WORK ITEM >>
Each entry should be repeated exactly. Its pictures should not be.

============

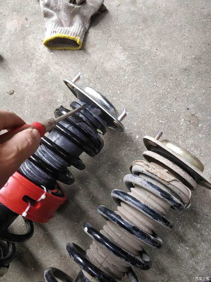 从图中手指位置可以看出来,新旧避震进行了长度高度对比,我问用尺子测量多新旧弹簧长度,发现,弹簧长度一样,说明弹簧并没有金属疲劳而塌陷,然而避震随没有了缓冲胶,但不至于影响到一边车身高度问题,经过仔细勘察,测量发现,减震塔顶三角臂没有新得那么高,旧的矮有一个手指距离,难怪未修前左右车身高度就差一个手指左右高度,原因不是缓冲胶碎而导致,实际上缓冲胶只是增加避震的寿命和舒适性,没有缓冲胶只会过斑马线,坑的地方都可以感觉车子的跳动像做船,就过人行道化的那种白线,都可以感觉到车底有明显的反馈感,这个时候你就要用手去摸一摸你的避震缓冲胶还有没有了哈,申手去捏捏就知道还有没有了
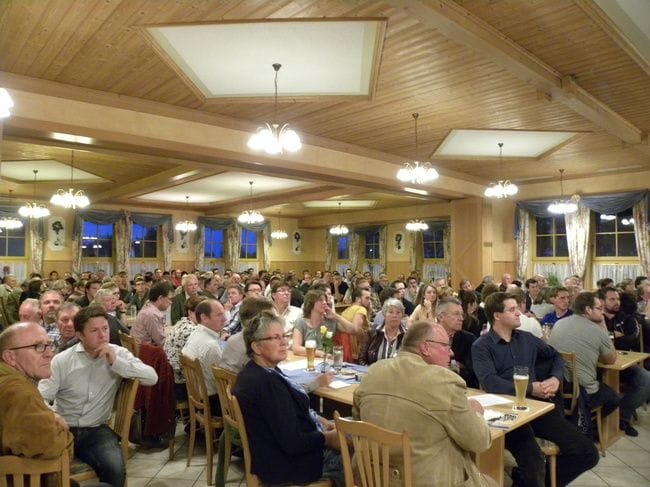 2015年9月にミュンヘン郊外のメッテンハイムで開かれた難民問題に関する説明会。当時のメルケル政権のリベラルな難民政策に対する批判の声が強かった(筆者撮影)
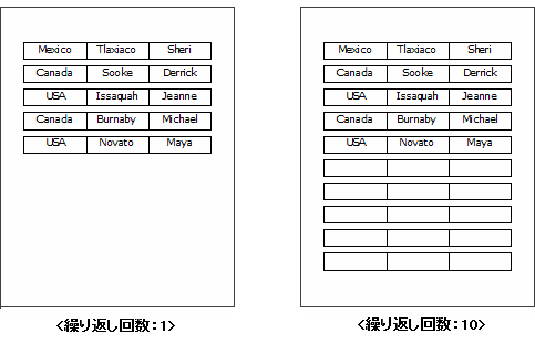 データ件数より小さい値で設定した場合にはデータ件数分バインディングし、データ件数より大きい値で設定すると残った回数(5回)分空きLabelでバインディングされます。
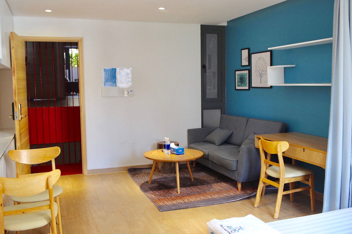Nútímaleg og vel búin stúdíóíbúð í nokkurra mínútna göngufjarlægð frá Back Beach (Bai Sau). Í göngufæri frá Lotte Mart, apótekinu, hverfismarkaði og matvöruverslun. Íbúðin hentar fullkomlega fyrir 4ra manna fjölskyldu með einu svefnherbergi með aukarúmi, eldhúsi, risastórri stofu, þægilegri sturtu, ísskáp, borðstofuborði, vinnuborði, skáp og risastóru þráðlausu neti með You YouTube.
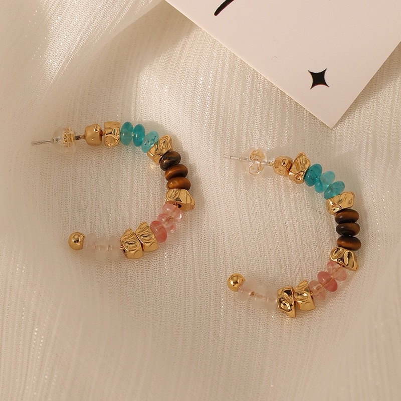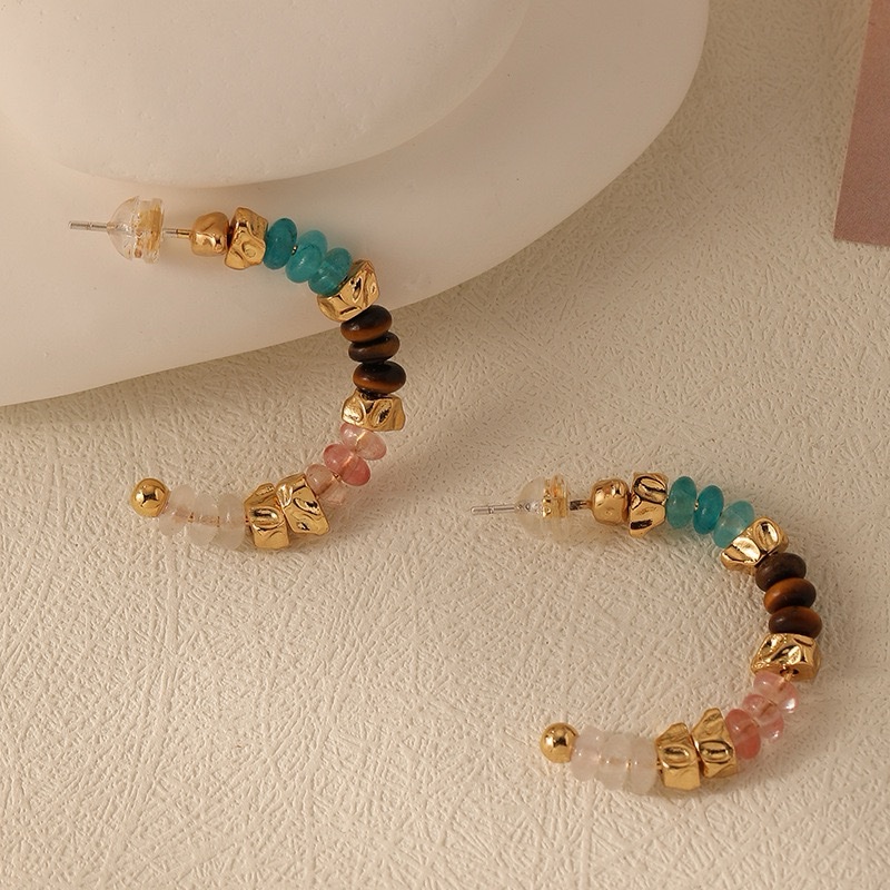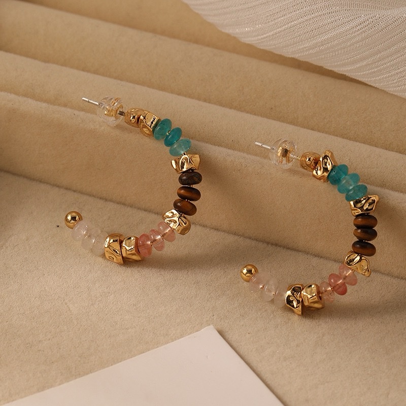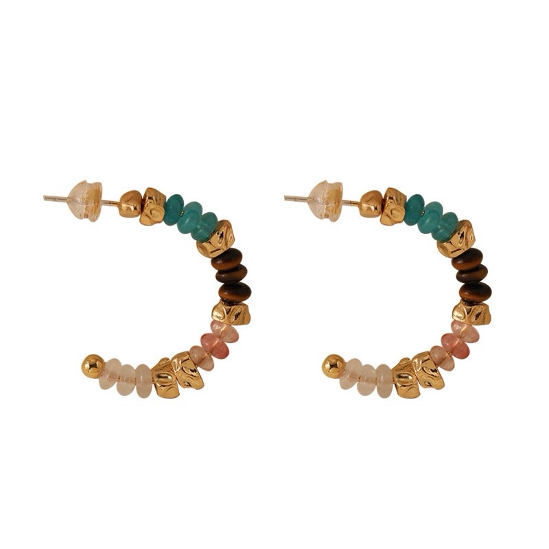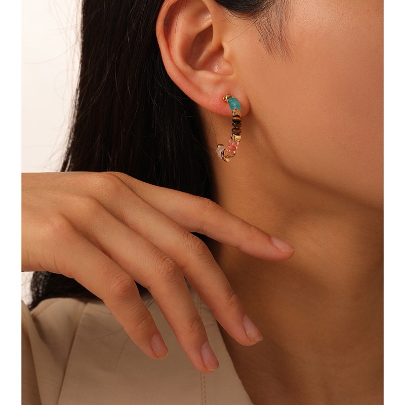 00383 彩色天然石串珠925银针耳圈女 quantity
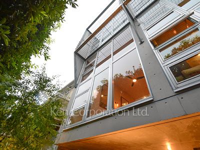 閑静な住宅地に建つデザイナーズ建築物件。吹き抜けにより開放感があり、エントランスや周辺には緑が溢れます。アメリカ製の設備、ルーフバルコニー付。
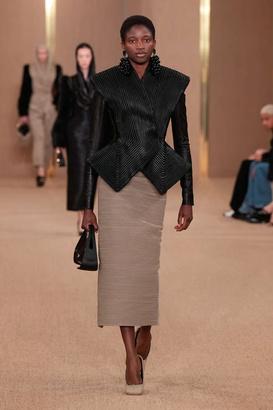 Dejando a un lado la tendencia del clean look y toda la estética minimalista que representa, hemos visto un creciente interés por la ostentación sin miedo. Esta tendencia se inspira en la imagen icónica de la esposa del mafioso, más conocida como la "mob wife". Es una representación en toda regla del concepto de mujer sexy y elegante, que culmina en su característico abrigo maxi de piel o de pelo, una prenda que hemos visto en varios desfiles. Además, su estética más oscura se manifiesta a través de looks de animal print, cabello largo y suelto, y ojos con un ahumado negro. Este estilo combina la sensualidad con la elegancia de una manera sofisticada y llamativa, celebrando una feminidad poderosa y segura de sí misma. La influencia de esta tendencia se puede ver no solo en las pasarelas, sino también en el street style, donde las mujeres incorporan prendas más ajustadas, incluyendo cuero y joyas deslumbrantes para lograr un look lleno de glamour y desenfado.

============

RESPONSE TO THIS EXERCISE >>
 从图中手指位置可以看出来,新旧避震进行了长度高度对比,我问用尺子测量多新旧弹簧长度,发现,弹簧长度一样,说明弹簧并没有金属疲劳而塌陷,然而避震随没有了缓冲胶,但不至于影响到一边车身高度问题,经过仔细勘察,测量发现,减震塔顶三角臂没有新得那么高,旧的矮有一个手指距离,难怪未修前左右车身高度就差一个手指左右高度,原因不是缓冲胶碎而导致,实际上缓冲胶只是增加避震的寿命和舒适性,没有缓冲胶只会过斑马线,坑的地方都可以感觉车子的跳动像做船,就过人行道化的那种白线,都可以感觉到车底有明显的反馈感,这个时候你就要用手去摸一摸你的避震缓冲胶还有没有了哈,申手去捏捏就知道还有没有了
 2015年9月にミュンヘン郊外のメッテンハイムで開かれた難民問題に関する説明会。当時のメルケル政権のリベラルな難民政策に対する批判の声が強かった(筆者撮影)
 データ件数より小さい値で設定した場合にはデータ件数分バインディングし、データ件数より大きい値で設定すると残った回数(5回)分空きLabelでバインディングされます。
Nútímaleg og vel búin stúdíóíbúð í nokkurra mínútna göngufjarlægð frá Back Beach (Bai Sau). Í göngufæri frá Lotte Mart, apótekinu, hverfismarkaði og matvöruverslun. Íbúðin hentar fullkomlega fyrir 4ra manna fjölskyldu með einu svefnherbergi með aukarúmi, eldhúsi, risastórri stofu, þægilegri sturtu, ísskáp, borðstofuborði, vinnuborði, skáp og risastóru þráðlausu neti með You YouTube.
 00383 彩色天然石串珠925银针耳圈女 quantity
 閑静な住宅地に建つデザイナーズ建築物件。吹き抜けにより開放感があり、エントランスや周辺には緑が溢れます。アメリカ製の設備、ルーフバルコニー付。
 Dejando a un lado la tendencia del clean look y toda la estética minimalista que representa, hemos visto un creciente interés por la ostentación sin miedo. Esta tendencia se inspira en la imagen icónica de la esposa del mafioso, más conocida como la "mob wife". Es una representación en toda regla del concepto de mujer sexy y elegante, que culmina en su característico abrigo maxi de piel o de pelo, una prenda que hemos visto en varios desfiles. Además, su estética más oscura se manifiesta a través de looks de animal print, cabello largo y suelto, y ojos con un ahumado negro. Este estilo combina la sensualidad con la elegancia de una manera sofisticada y llamativa, celebrando una feminidad poderosa y segura de sí misma. La influencia de esta tendencia se puede ver no solo en las pasarelas, sino también en el street style, donde las mujeres incorporan prendas más ajustadas, incluyendo cuero y joyas deslumbrantes para lograr un look lleno de glamour y desenfado.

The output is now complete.